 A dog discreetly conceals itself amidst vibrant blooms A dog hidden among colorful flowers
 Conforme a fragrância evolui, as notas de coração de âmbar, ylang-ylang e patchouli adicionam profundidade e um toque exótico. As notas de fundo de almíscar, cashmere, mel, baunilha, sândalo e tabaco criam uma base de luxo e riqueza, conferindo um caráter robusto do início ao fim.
...
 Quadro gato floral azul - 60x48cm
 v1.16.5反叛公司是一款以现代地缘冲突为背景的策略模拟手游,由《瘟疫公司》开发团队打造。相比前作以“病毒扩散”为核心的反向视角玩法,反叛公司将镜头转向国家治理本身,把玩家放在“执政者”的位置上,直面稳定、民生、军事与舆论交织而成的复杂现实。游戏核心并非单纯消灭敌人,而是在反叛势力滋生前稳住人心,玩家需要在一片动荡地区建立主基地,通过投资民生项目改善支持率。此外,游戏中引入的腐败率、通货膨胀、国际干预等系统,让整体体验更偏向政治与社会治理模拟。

TASK TO CARRY OUT:
Take exactly the lines from the one containing "A dog discreetly" through the one containing "Conforme a fragrância" in the data above, and output them with nothing added.

OUTPUT:
 A dog discreetly conceals itself amidst vibrant blooms A dog hidden among colorful flowers
 Conforme a fragrância evolui, as notas de coração de âmbar, ylang-ylang e patchouli adicionam profundidade e um toque exótico. As notas de fundo de almíscar, cashmere, mel, baunilha, sândalo e tabaco criam uma base de luxo e riqueza, conferindo um caráter robusto do início ao fim.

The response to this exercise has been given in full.